When a step uses parallel sub-agents (each with its own skill and dataset):

  1. Test each sub-agent in isolation — its own golden example set, its own evaluation criteria
  2. Test the merge function separately — given known sub-agent outputs, does the merge produce the correct combined result?
  3. Never test sub-agents through the merge — if the merged output is wrong, you can't tell which agent failed

✅ Three sub-agents tested independently, merge tested with known inputs. Any failure points to exactly one component.

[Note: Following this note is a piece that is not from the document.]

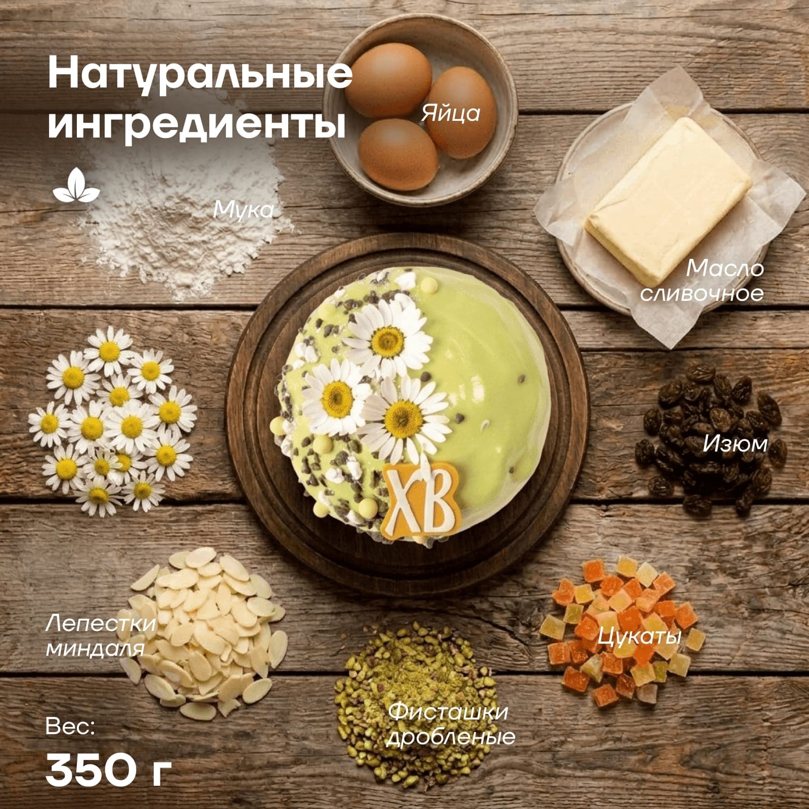 мука пшеничная хлебопекарная высший сорт, яйца куриные(желтки), помадка (сахар, глюкозный сироп, регулятор кислотности (кислота лимонная), краситель пищевой), изюм, масло сливочное м.д.ж.82,5%, сахар белый, молоко питьевое м.д.ж. 3.2%, шоколад белый (сахар, какао-масло, молоко сухое цельное, эмульгатор (соевый лецитин), ароматизатор натуральный "Ваниль"), миндаль (лепестки), дрожжи хлебопекарные, цукаты апельсиновые (цедра апельсиновая, глюкозно-фруктовый сироп, сахар, регулятор кислотности: лимонная кислота), вода питьевая, фисташка дробленая карамелизированная (фисташка 50% /сахар 50%), украшения сахарные (рис воздушный, какао-масло, патока, яичный белок, желатин, регулятор кислотности (лимонная кислота), краситель пищевой), ром, соль поваренная пищевая, ванилин, шафран, мускатный орех, кардамон, *украшения сухоцветы (ромашка)

❌ One end-to-end test that runs all sub-agents and checks the final output. Failure gives you no information about which component broke.


Anti-Patterns

Mistake Why It Fails Fix
Writing code before golden examples You don't know what "correct" looks like yet — you'll test against your assumptions, not against requirements Golden examples first — derived from step specifications, not from implementation
Exact string matching on LLM output LLM output varies across runs — tests become flaky and meaningless Use evaluation criteria: structure, completeness, faithfulness — not exact text
Testing multiple steps together When it fails, you can't isolate the cause — which step broke? One golden example set per function, tested independently
Golden examples without edge cases Happy path works, but missing data crashes the function in production Every golden example set includes: missing data, ambiguous input, empty input
Vague evaluation criteria "Output should be good" — untestable, undebugable Every criterion must be binary: met or not met. If you can't judge it, it's not a criterion
Testing only once, then never again Prompt changes, skill config changes, model upgrades — tests go stale Run golden examples after every change to code, prompt, or skill config
Fabricating golden example inputs Fake inputs don't expose real-world edge cases Use real or realistic inputs from stakeholder interviews and value chain mapping
Skipping sub-agent isolation Merged output hides individual failures Test each sub-agent independently, test merge separately

Validation Checklist

Before considering a function tested:

  • Golden examples derived from step specification (intention, I/O, completion criteria)?
  • At least one happy-path example with full evaluation criteria?
  • Edge cases covered: missing data, ambiguous input, empty input?
  • Evaluation criteria are concrete and binary (met/not met)?
  • For code+LLM: faithfulness criterion included (no fabrication)?
  • For sub-agents: each tested independently + merge tested separately?
  • Tests are isolated — no dependency on other steps or live data?
  • Tests run after every change to code, prompt, or skill config?
  • Golden example inputs sourced from real or realistic data?
  • Zero vague criteria ("should be good", "should be accurate")?

Artifact Governance

When creating artifacts from this skill:

  1. Use the templates in .claude/skills/artifact-template.md — copy the relevant section (golden-example-set, test-spec, or eval-rubric)
  2. Fill in the YAML frontmatter with project, version, status, and source
  3. Register the artifact in DESIGN.md (project root) — add a row to the Artifact Registry table

Referenced Skills

Skill Relationship
Value Chain Mapping Upstream — provides the step specifications that golden examples are derived from
Data Evolution Peer — fields that are transformed need golden examples for the transformation
Governed Architecture Peer — defines the function types (pure code, code+LLM, sub-agents) and their contracts
Configure Claude Code Foundation — the development environment where tests are implemented and run

Write the test first. If you can't test it, you haven't defined it. Golden examples are the contract between intention and implementation.